Problem →
From the line containing "To kick off" to the final line of the entries, copy each line exactly. Pictures stay out.

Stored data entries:
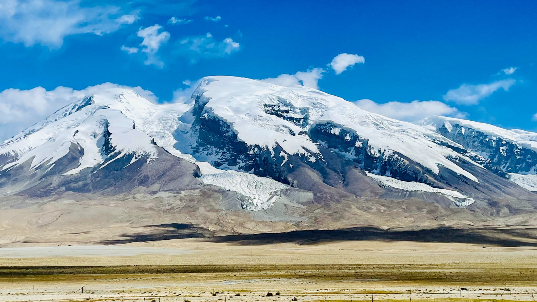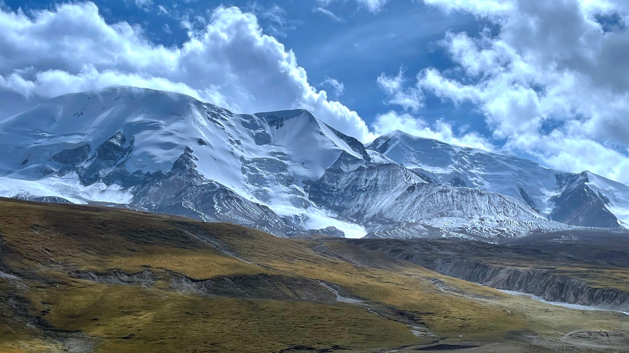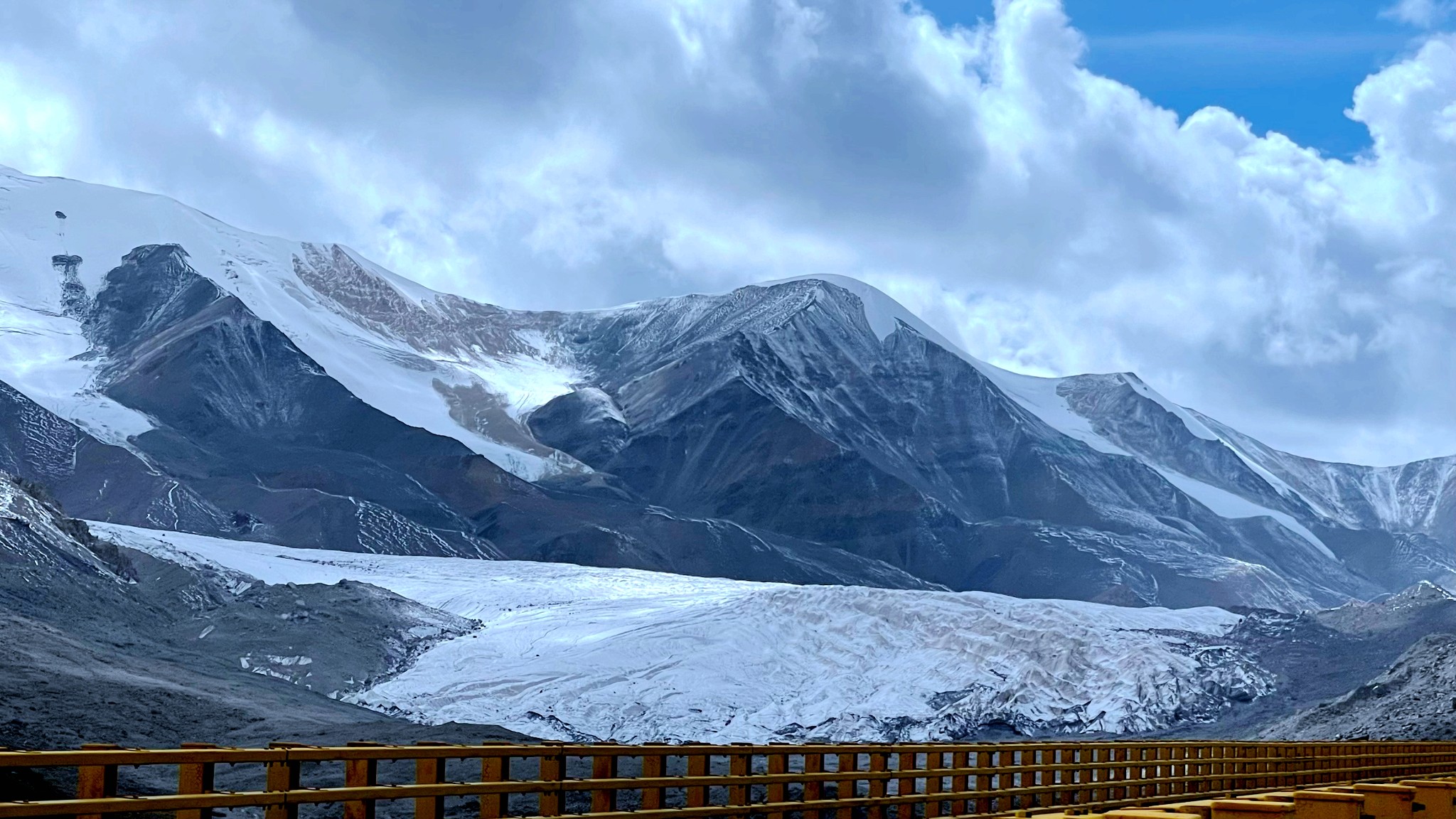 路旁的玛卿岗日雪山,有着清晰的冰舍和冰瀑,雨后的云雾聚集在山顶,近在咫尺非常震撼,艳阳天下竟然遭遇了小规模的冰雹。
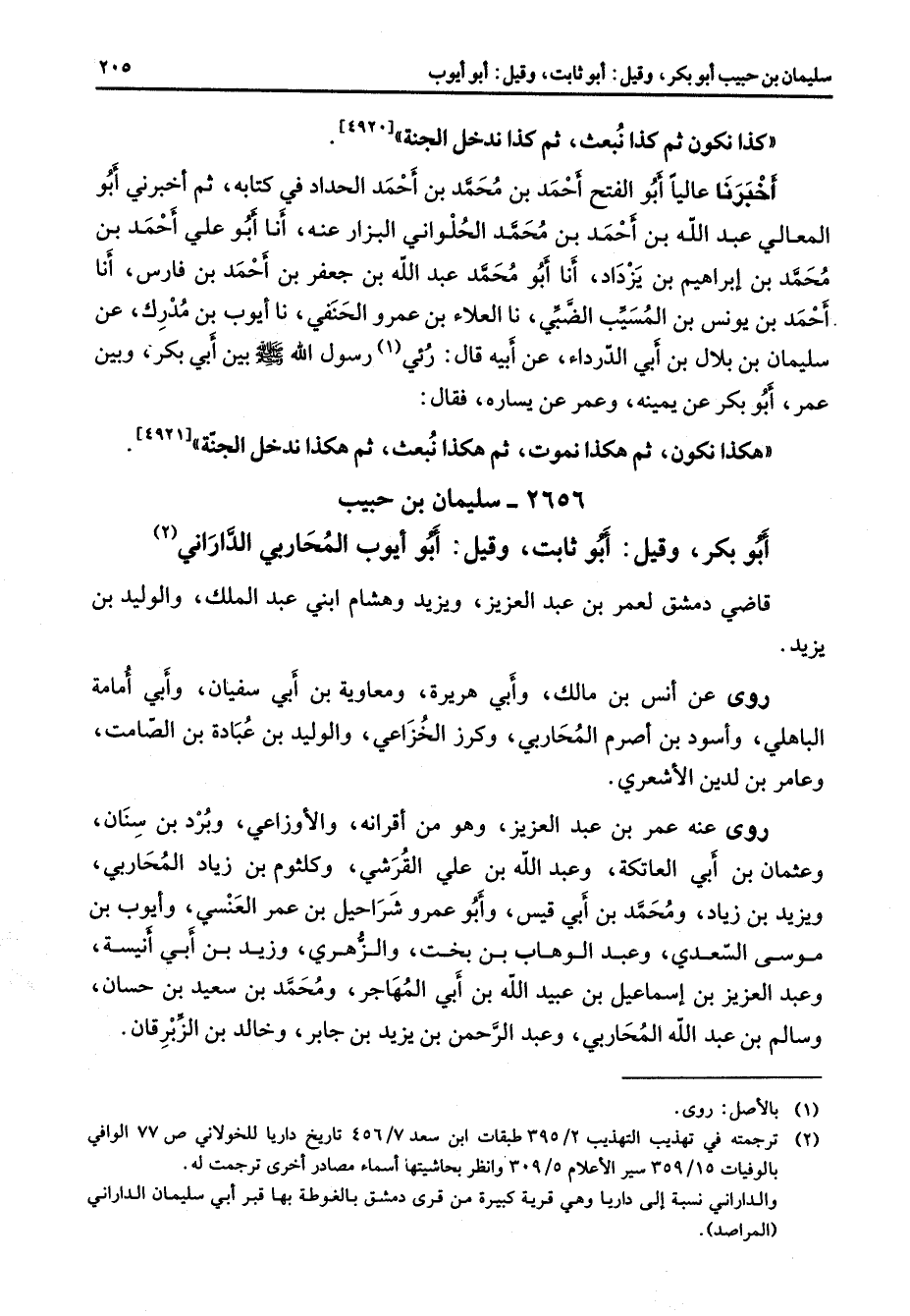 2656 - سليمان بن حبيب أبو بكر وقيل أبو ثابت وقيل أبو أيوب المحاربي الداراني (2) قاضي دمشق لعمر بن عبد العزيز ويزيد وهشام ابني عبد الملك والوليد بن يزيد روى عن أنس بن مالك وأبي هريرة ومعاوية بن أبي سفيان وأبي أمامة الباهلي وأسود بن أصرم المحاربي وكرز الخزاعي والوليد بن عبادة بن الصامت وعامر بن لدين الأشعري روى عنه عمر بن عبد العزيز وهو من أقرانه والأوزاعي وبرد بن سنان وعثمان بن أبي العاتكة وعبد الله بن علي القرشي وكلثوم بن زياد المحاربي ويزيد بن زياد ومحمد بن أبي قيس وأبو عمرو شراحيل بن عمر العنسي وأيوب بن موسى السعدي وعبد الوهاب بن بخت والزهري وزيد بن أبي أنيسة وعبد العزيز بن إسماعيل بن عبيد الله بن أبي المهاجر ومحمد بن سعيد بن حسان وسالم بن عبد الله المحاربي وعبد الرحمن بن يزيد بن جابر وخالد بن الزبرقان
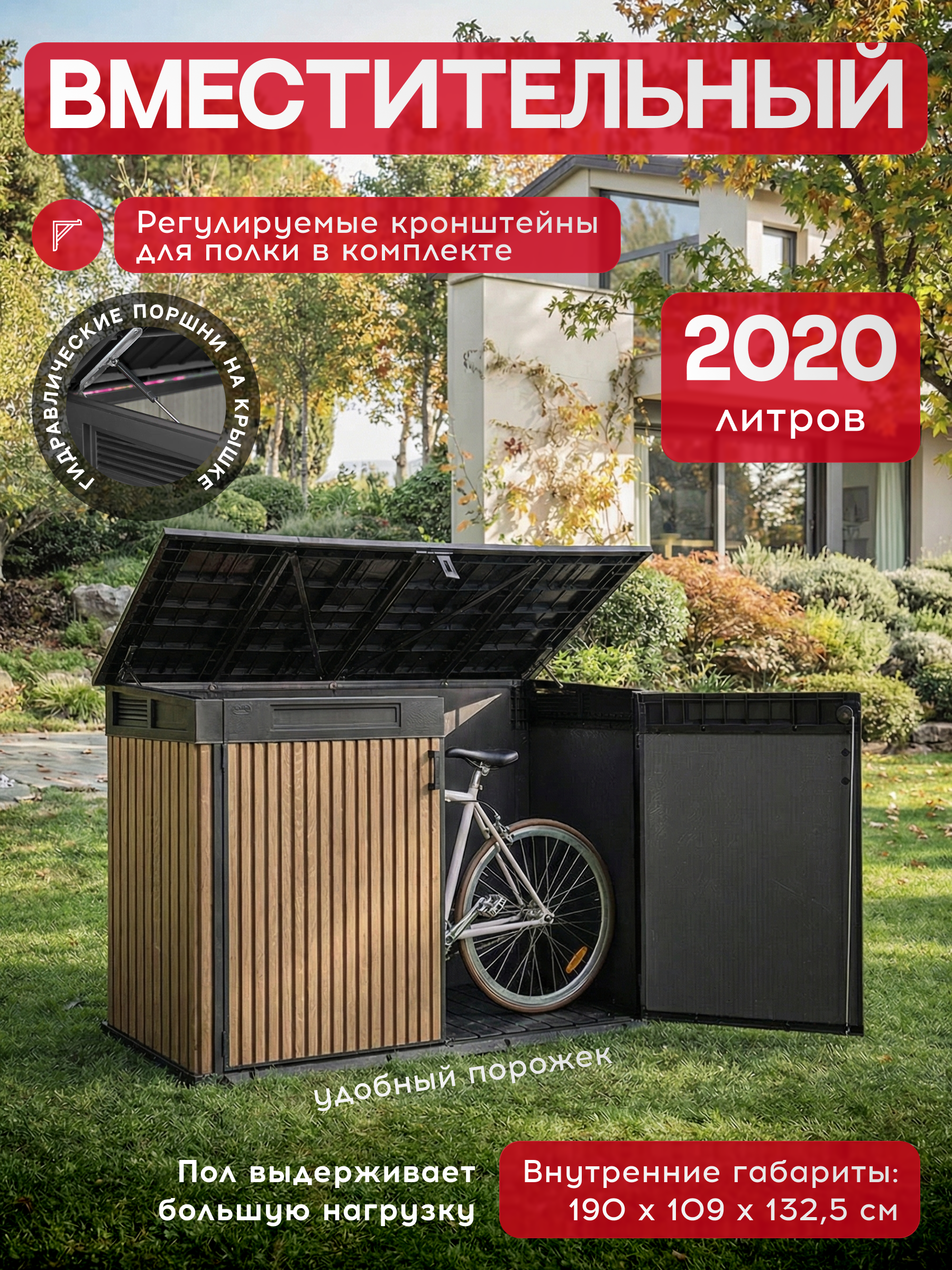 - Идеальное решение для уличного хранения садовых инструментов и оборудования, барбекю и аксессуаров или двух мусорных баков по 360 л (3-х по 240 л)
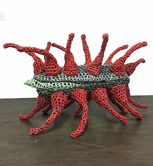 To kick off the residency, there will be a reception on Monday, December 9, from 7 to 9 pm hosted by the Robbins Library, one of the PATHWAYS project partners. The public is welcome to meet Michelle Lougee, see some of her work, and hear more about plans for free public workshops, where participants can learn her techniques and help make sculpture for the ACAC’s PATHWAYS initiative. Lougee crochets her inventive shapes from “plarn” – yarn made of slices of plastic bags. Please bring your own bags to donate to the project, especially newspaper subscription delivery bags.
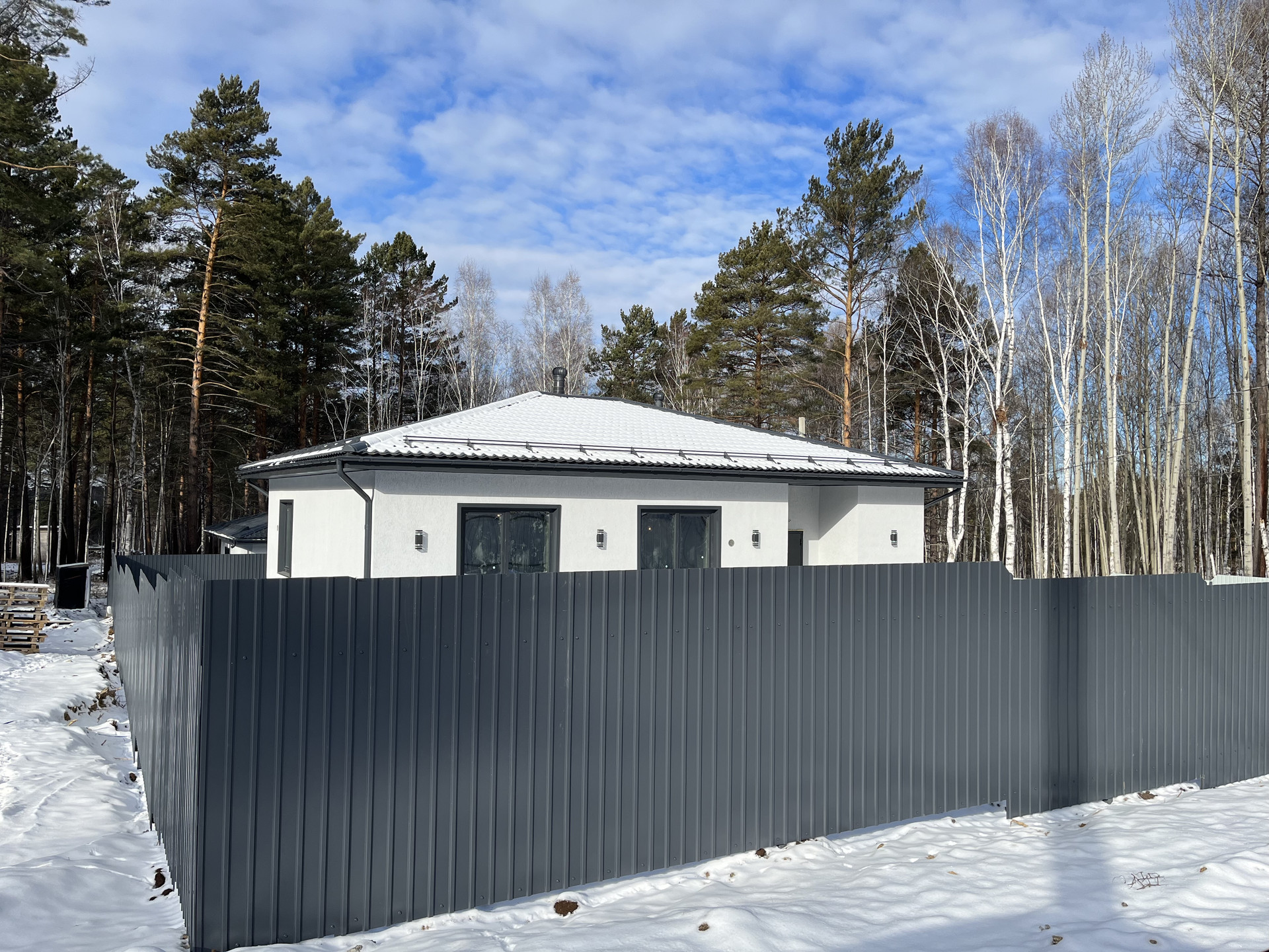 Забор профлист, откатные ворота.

Solved problem →
 To kick off the residency, there will be a reception on Monday, December 9, from 7 to 9 pm hosted by the Robbins Library, one of the PATHWAYS project partners. The public is welcome to meet Michelle Lougee, see some of her work, and hear more about plans for free public workshops, where participants can learn her techniques and help make sculpture for the ACAC’s PATHWAYS initiative. Lougee crochets her inventive shapes from “plarn” – yarn made of slices of plastic bags. Please bring your own bags to donate to the project, especially newspaper subscription delivery bags.
 Забор профлист, откатные ворота.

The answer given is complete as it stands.